» **PROBLEM TO WORK ON**:
It is required that the lines from the top of the listing through the line with "召回信标属于中高级资源,稀有" be reproduced exactly, excluding pictures.

» **DATA SECTION**:
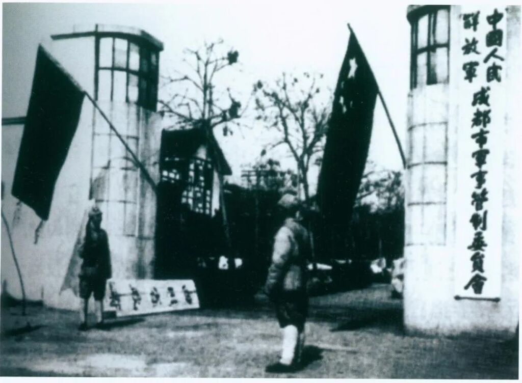 ▲摘下国民党四川省政府的牌子,挂上中国人民解放军成都市军事管制委员会牌子
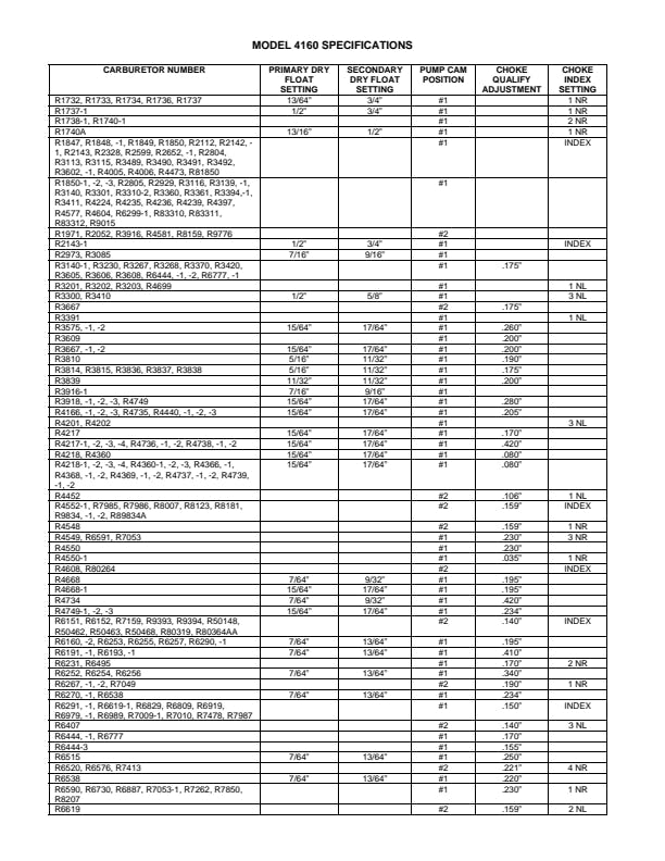Renew Kit Carburetor Rebuild Kit Model Number 4160 750 cfm.
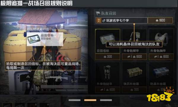 召回信标属于中高级资源,稀有度较高,拾取之后可以将淘汰的队友召回,队友可以在一定时间之后重新跳伞进入战场,但是每个人只能使用一次。此道具类似火力对决2.0中的复活卡,但召回信标可以随地使用,不需要找专门的信号塔或者特殊位置。建议你找一个合理的地方召回队友,避免队友复活之后刚落地就再次成盒。
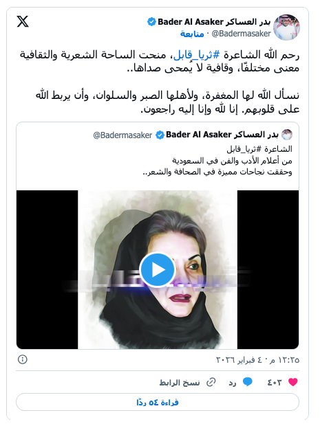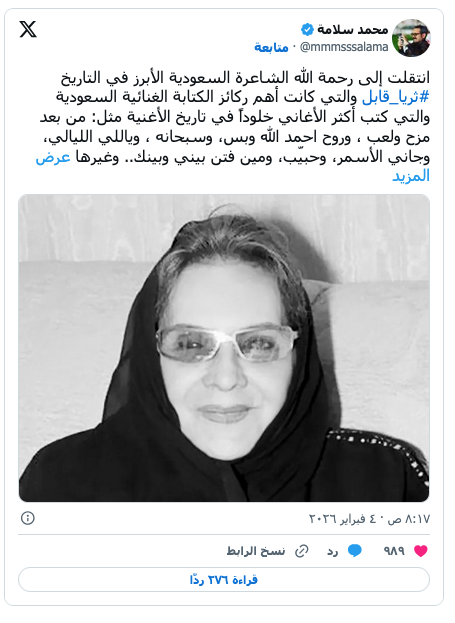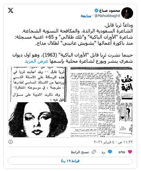 ثريا قابل عاشت حياتها بين الشعر والصحافة (مواقع التواصل) ثقافة و فنون “الأوزان الباكية” ترثي شاعرتها ثريا قابل by admin 6 فبراير، 2026 written by admin 6 فبراير، 2026 70 كانت الراحلة أول شاعرة سعودية تنشر ديواناً شعرياً فتح الطريق للسعوديات “اندبندنت عربية” ودعت السعودية وأدباؤها الشاعرة ثريا قابل بعد مسيرة صحافية وثقافية وأدبية امتدت لأكثر من خمسة عقود، تركت خلالها أثراً واضحاً في الصحافة وفي المشهد الشعري والغنائي في المملكة والعالم العربي. ورحلت قابل التي عانت خلال الأعوام الأخيرة المرض عن عمر ناهز الـ85 سنة. ورثت أقلام باكية، صاحبة “الأوزان الباكية” على منصات التواصل الاجتماعي في السعودية والخليج. قابل التي ولدت في حارة المظلوم بالمدينة الساحلية، جدة عام 1940 نشأت في بيئة حجازية غنية بالثقافة والفنون، قبل أن تواصل تعليمها في بيروت، حيث بدأت بنشر قصائدها في الصحف العربية قبل أن تصدر عام 1963 أول ديوان شعري لها بعنوان “الأوزان الباكية”، وهو أول ديوان شعري تصدره امرأة سعودية باللغة العربية الفصحى، عدّه الأدباء محطة مفصلية في تاريخ الأدب السعودي وفتح الباب أمام حضور المرأة في المشهد الشعري والفني. وإضافة إلى الشعر، مارست ثريا قابل الصحافة الثقافية، فعملت محررة وكاتبة في صحف محلية وعربية، وأدارت مجلة “زينة” خلال الثمانينيات، وكتبت لمجلات وصحف مثل “عكاظ” و”البلاد” و”الأنوار”. ووصفتها بعض المصادر الثقافية بأنها أسهمت في توسيع مساحة حضور المرأة السعودية في المجال الأدبي والإعلامي في وقت كانت مشاركة النساء محدودة. والراحلة التي كتبت بمخيلة واسعة، ارتبط اسمها أيضاً بالغناء السعودي، إذ تحول عدد كبير من قصائدها إلى أغانٍ شهيرة غناها كبار الفنانين في السعودية والخليج، ومن أبرز هذه الأغاني “اديني عهد الهوى” “ومن بعد مزح ولعب” و”جاني الأسمر” و”ولا وربي” و”مين فتن بيني وبينك”. “الأوزان الباكية” وتغنى بأشعارها كبار المطربين العرب، ومن بينهم طلال مداح ومحمد عبده وفوزي محسون، مما أكسب شعرها جمهوراً واسعاً وذاكرة موسيقية خالدة. وفي حياتها، أشاد أدباء سعوديون وعرب بمكانتها الشعرية، إذ اعتبرها النقاد والمتذوقون “صوت جدة” ووجدان مجتمعها، واصفين ديوانها “الأوزان الباكية” بأنه ثورة هادئة في المشهد الأدبي السعودي. ولازم الراحلة الأديبة، لقب “خنساء القرن العشرين”، وهو اللقب الذي أطلقه عليها الأديب السعودي محمد حسن عواد، تقديراً لعمق إحساسها وجرأتها في التعبير عن المشاعر الإنسانية. وأكد كثير من الأدباء أن لغتها تمزج بين بساطة اللفظ وعمق المعنى، وتربط بين التراث الحجازي والوجدان الشعبي، وأن أعمالها الشعرية والغنائية أسهمت في ترسيخ حضور المرأة في الساحة الأدبية والموسيقية. ورثاء الشاعرة الصحافية جمع عدداً من الشعراء والمسؤولين، ومن بينهم بدر العساكر، مدير المكتب الخاص وسكرتير ولي العهد السعودي، وهو الذي اعتبر أن “مسيرتها منحت الساحة الثقافية والشعرية معنى مختلفاً”. وكتب خالد السهيل وهو عضو في جمعية الكتاب السعوديين، “حالة شعرية فريدة بمفردات حجازية مشبعة بالعاطفة والشجن، تركت بصمة في الغناء السعودي”. وبرحيلها، فقدت الساحة الأدبية والثقافية السعودية واحدة من أبرز رائدات الشعر النسائي والصحافة الثقافية، تاركة إرثاً غنياً من النصوص الشعرية والمقالات الأدبية التي أثرت في الحياة الثقافية والفنية في المملكة، وأسهمت في تشكيل جزء من الذاكرة الشعرية والغنائية في العالم العربي. المزيد عن: ثريا قابل السعودية الشعر النسائي جدة حارة المظلوم 0 comment 0 FacebookTwitterPinterestEmail admin previous post سيف الإسلام القذافي سيُدفن في معقل قبيلة مؤيدة لوالده next post “عميلنا في هافانا” لغراهام غرين: حين يحدث أن تقلد الحياة الفن You may also like كيف نتفلسف: دليل استخدام و5 ركائز أساسية 26 أبريل، 2026 عندما يغير الكتاب فهم القارئ لنفسه والعالم 26 أبريل، 2026 الممثلة الألمانية ساندرا هولر تتألق عالميا بع

» **YOUR SOLUTION**:
 ▲摘下国民党四川省政府的牌子,挂上中国人民解放军成都市军事管制委员会牌子
Renew Kit Carburetor Rebuild Kit Model Number 4160 750 cfm.
 召回信标属于中高级资源,稀有度较高,拾取之后可以将淘汰的队友召回,队友可以在一定时间之后重新跳伞进入战场,但是每个人只能使用一次。此道具类似火力对决2.0中的复活卡,但召回信标可以随地使用,不需要找专门的信号塔或者特殊位置。建议你找一个合理的地方召回队友,避免队友复活之后刚落地就再次成盒。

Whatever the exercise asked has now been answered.